The 2/15, was ordered to march the 25 kilometres to their new compound, Birdwood Camp, a short distance from the gaol and Serlarang Barracks. In May 1942 the Imperial Japanese Army ordered a select force of 3,000 men for an 'overseas party' – destination not stated. This party of men were to be known as 'A' Force. NX19147 Gunner Leonard Keith Baker was to be a member of that force. Three thousand prisoners were forced to board two small cargo ships, the Toyohasi Maru and the Celebes Maru. The majority of the men were forced down into the holds with no light and very little air. The convoy sailed along the coast of Burma (Myanmar) and after eight days the convoy stopped at Mergui, disembarked then forced to march to Tavoy to work on the British aerodrome. The days dragged by and by the end of September the work on the aerodrome was finished. “A” Force was then ordered to march to Tavoy wharf and were then loaded aboard barges and a tramp steamer and after 28 hours sailing arrived at Moulein. The next morning they travelled by train to Thanbyuzayat. 

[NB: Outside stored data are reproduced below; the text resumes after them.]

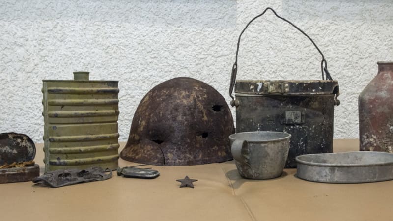 Стремясь показать обе стороны конфликта, заведующий «Солдатами Отечества» привёз из Монголии практически полный комплект снаряжения японского пехотинца. В нём и простреленная каска, и котелок с чашкой, и фильтр от противогаза, и коробочка с ветошью и смазкой для винтовки, и фляжка в одну пинту – производство более вместительных наладят позднее, в годы второй мировой войны. «Ещё должны быть палочки для еды», – добавляет Трофименко. Несмотря на то что их изготавливали из дюраля, найти достаточно мелкий и недолговечный предмет не так просто. В отличие, скажем, от котелка и ёмкостей, которые входили в один комплект с ним. Дело в том, что использовать крышку от него как полноценную тарелку было нельзя – мешали прорези по бокам, сделанные под ушки для крепления рукоятки. Поэтому вместе с котелком солдат получал не только дюралевую чашечку для питья, но и отдельную тарелку. Снаряжение советских воинов было более простым и технологичным – немаловажное обстоятельство в условиях тотальной войны, когда простота массового производства чего бы то ни было для нужд армии становится стратегическим преимуществом.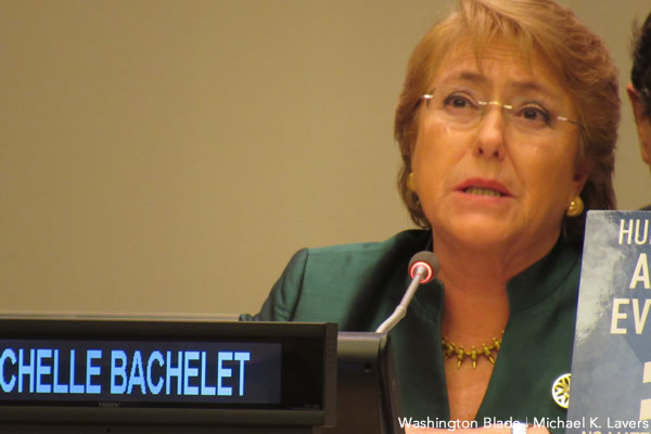 Chilean President Michelle Bachelet speaks at a United Nations LGBT Core Group event in New York on Sept. 21, 2016. Her government will introduce a same-sex marriage bill in the coming months. (Washington Blade photo by Michael K. Lavers)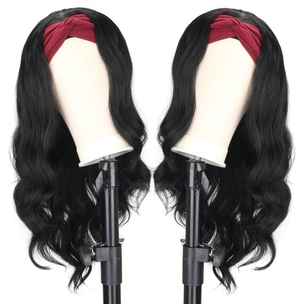 Женские Искусственные волнистые натуральные черные блонд парики с головной повязкой искусственные волосы синтетические парики для черных женщин

October saw the group march to Hlepauk, the first camp along the planned railway route. Other Australian, British and Dutch POWs were positioned along the railway route in camps. The men traded the little possessions they had with the Burmese, Japanese and Korean guards for food, until they ran out of their treasures. With Christmas approaching, Baker prepared to spend his first Christmas as a POW. Christmas Day 1942 was celebrated, an Aussie band played and Christmas carols sung. On the 3rd of January 1943, Baker's party moved from Hlepauk to their next camp at Tan Yin (35 Kilo Camp). The Japanese forced the men to work from dawn to 1900 hours daily, with only a few breaks. The Japanese also began increasing the daily quota of men required to work forcing the sick to make up the numbers. Rationing was getting worse with the men receiving only, on average, 50 grams of meat and some watery rice a day.

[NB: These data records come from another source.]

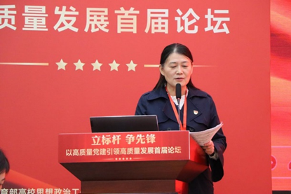 江汉大学马克思主义学院党委书记吕洪雁以“党建引领学院高质量发展”为主题,分享了学院抓好理论宣讲工作等,以高质量党建引领高质量发展的具体经验与思考。
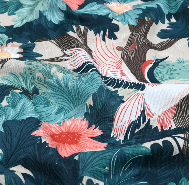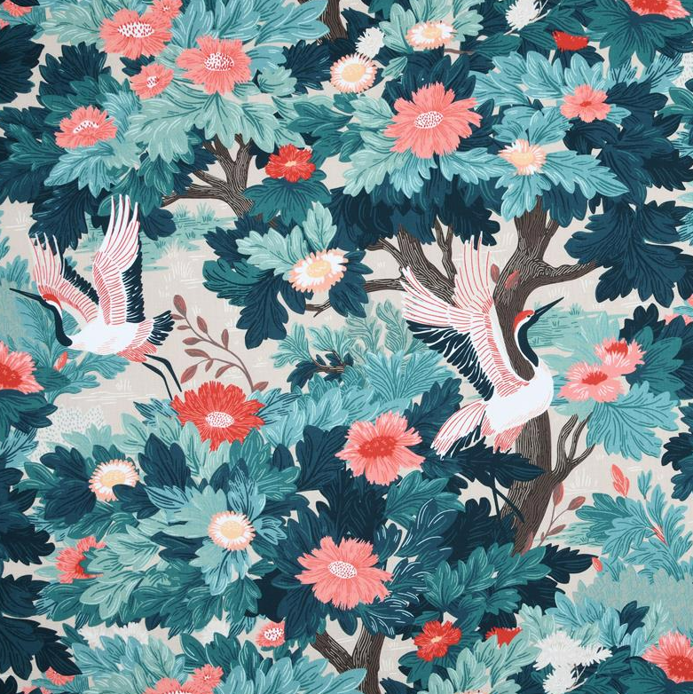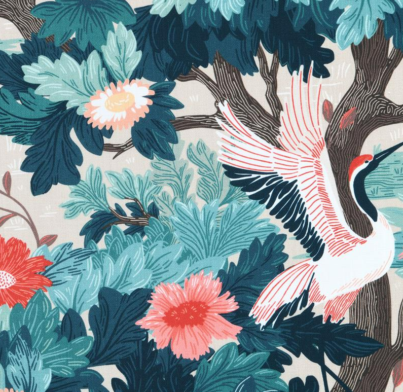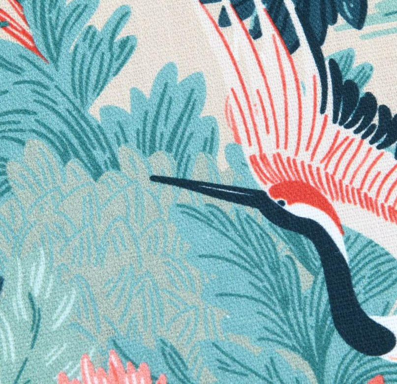 Dieser hochwertige Baumwollstoff in Panama-Bindung begeistert mit einem ausdrucksstarken Motiv aus eleganten Kranichen, üppigen Blumen und Blättern in Türkisblau, Rot und Naturtönen. Das exklusive französische Dessin verleiht dem Stoff eine besondere Tiefe und macht ihn zu einem echten Blickfang für stilvolle Wohn- und Dekoideen.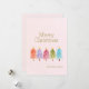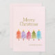 Brillante y alegre, esta tarjeta de "Feliz Navidad" presenta árboles de Navidad en acuarela con un fondo rosa claro y fuente decorativa.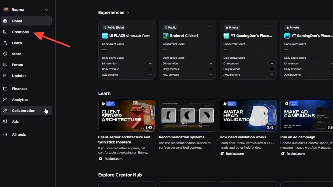 Step 1: Go to the Roblox Creator Hub and sign in. In the left sidebar, click Creations, then open the Development Items tab and pick Decals.

On the 8th March Baker's party set off north with other groups of POWs and arrived at their next camp at Kun knit kway. At this camp the rations were maggot-infested and flies and filth everywhere. The work on the line continued. By July 1943 the section of the line had been laid and the men was ordered to their next camp at Mizale (70 Kilo camp) which was the foulest camp they had experienced to date. Captain Rowley Richards, “A” Force's RMO, (Regimental Medical Officer) described in his book, A Doctor's War the condition of the men in the camp:

“Even if the majority of our men escaped Cholera, how, questioned,could they survive the 'killer cycle' of malaria, dysentery and beriberi on top of starvation, hard labour and acts of brutality, all the while watching comrades die around them?”

With this section of the line finished, Baker and his party were ordered to their next camp at Apparon (80 Kilo camp.) On the 25h August 1943, starved, emaciated and suffering from septicaemia, NX19147 Gunner Leonard Keith Baker died in this God-forsaken camp. He probably had only a mate who tended to him until the end ― one of the thousands of Australians who made the ultimate sacrifice during World War Two. 

Gunner Baker is buried In the Thanbyuzayat War Cemetery, Myanmar (Burma).

Today, his grand-nephew, a Vietnam Veteran of the 5th Battalion RAR, proudly wears his uncle's campaign medals on his right breast every Anzac Day to pay tribute and in remembrance of an uncle he never knew.